Consumers may finally get some answers about the mystery behind their power meter's speed, which they often suspect causes inflated electricity bills. The Competition Commission of India (CCI) has found that more than 90 per cent of the meters in the city, installed by discoms, show 2.5 per cent more than the actual reading.

In its investigation report, the CCI has found the Anil Ambani group-owned BSES and the Tata group-owned NDPL guilty of indulging in anti-competitive practices by abusing their dominant position in the meter market.

The investigation report goes on to say that "more than 90 per cent of the meters are running 2.5 per cent more than the actual reading which means that the total turnover of these companies is 2.5 per cent extra owing to the extra bills charged from customers due to faulty meters," sources told The Indian Express.
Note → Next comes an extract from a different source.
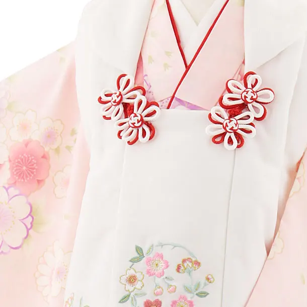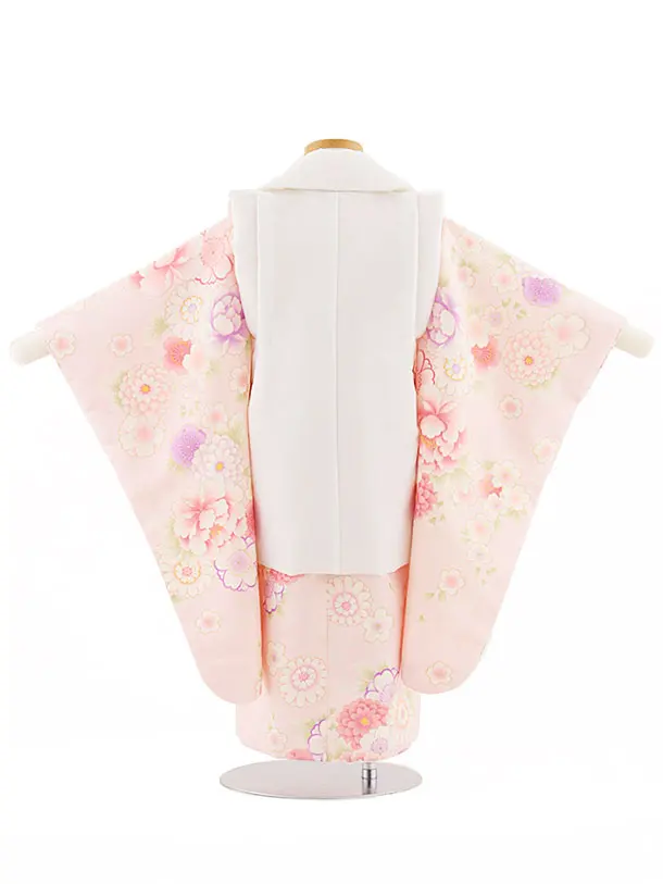 七五三(3歳女児被布)4722 白刺繍桜×ピンク菊桜牡丹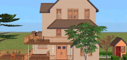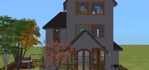 Compact but spacious Tudor-style home with 6 bedrooms and 3 bathrooms. Your Sims will have to make their own entertainment, as there’s no T.V or games consoles, but that fits in with this olde-worlde style.

"These discoms have been found guilty of extra, illegal overcharging on account of anti-competitive practices," the sources said.

The issue of faulty meters came up last year in September when an aggrieved customer knocked the doors of the CCI, alleging that the meters installed by the discoms were faulty and demanded a penalty to the extent of 10 per cent of their average turnover for their monopoly-like behaviour. According to the complainant, the companies purchase and install the meters on their own and consumers are not allowed to buy the BIS standard manufactured meters.

When contacted, a BSES spokesperson said, "CCI has issued a notice to all Delhi discoms for alleged violation of section 3 and 4 of Competition Act asking them to file reply/objection by 31 March. Discoms have sought more time".

An NDPL spokesperson said they had received a notice from the CCI and were weighing various legal opinions on the issue. A ministry official said this may pave the way for bringing in genuine competition in the power sector.